In Papenburg arbeiten nur 3.450 feste Mitarbeiter – wir finden das unglaublich wenig für die Anzahl der Schiffe, die jedes Jahr die Werft verlassen. Wir finden es auch spannend, dass die Werft bereits 19 Monate nach Beauftragung mit dem Bau eines Kreuzfahrtschiffs beginnt und es bereits nach 36 Monaten ab Auftrag ausliefert. Die Entwicklung eines weitaus weniger komplexen Autos dauert länger – zumindest bei allen etablierten europäischen OEMs.

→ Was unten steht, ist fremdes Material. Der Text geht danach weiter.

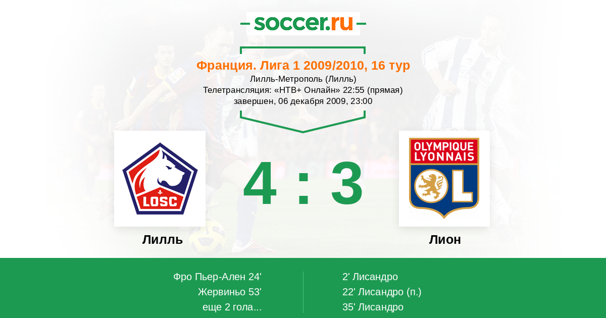 Протокол матча Лилль против Лион

Auf der selbstgeführten Tour können wir auch einen Blick in die größte überdachte Schiffsbauhalle der Welt werfen. Hier werden parallel zwei Schiffe gebaut. Mit einer Höhe von 75 Metern würden das Brandenburger Tor und der Reichstag übereinander in die Halle passen. Der größte Kran in der Halle kann 800 Tonnen heben, was 150 ausgewachsenen Elefanten entspricht. Mit diesem Kran werden vorgefertigte Elemente, z.B. komplette Kabinenmodule oder die gesamte Brückensektion auf die Schiffsbasis gehoben.

Insgesamt ist die Tour interessant und wirklich gut gemacht. Wir sind extrem beeindruckt und haben viel gelernt in den 1 1/2 Stunden. Der Besuch der Werft ist ein absoluter Tipp für alle, die in der Nähe Urlaub machen.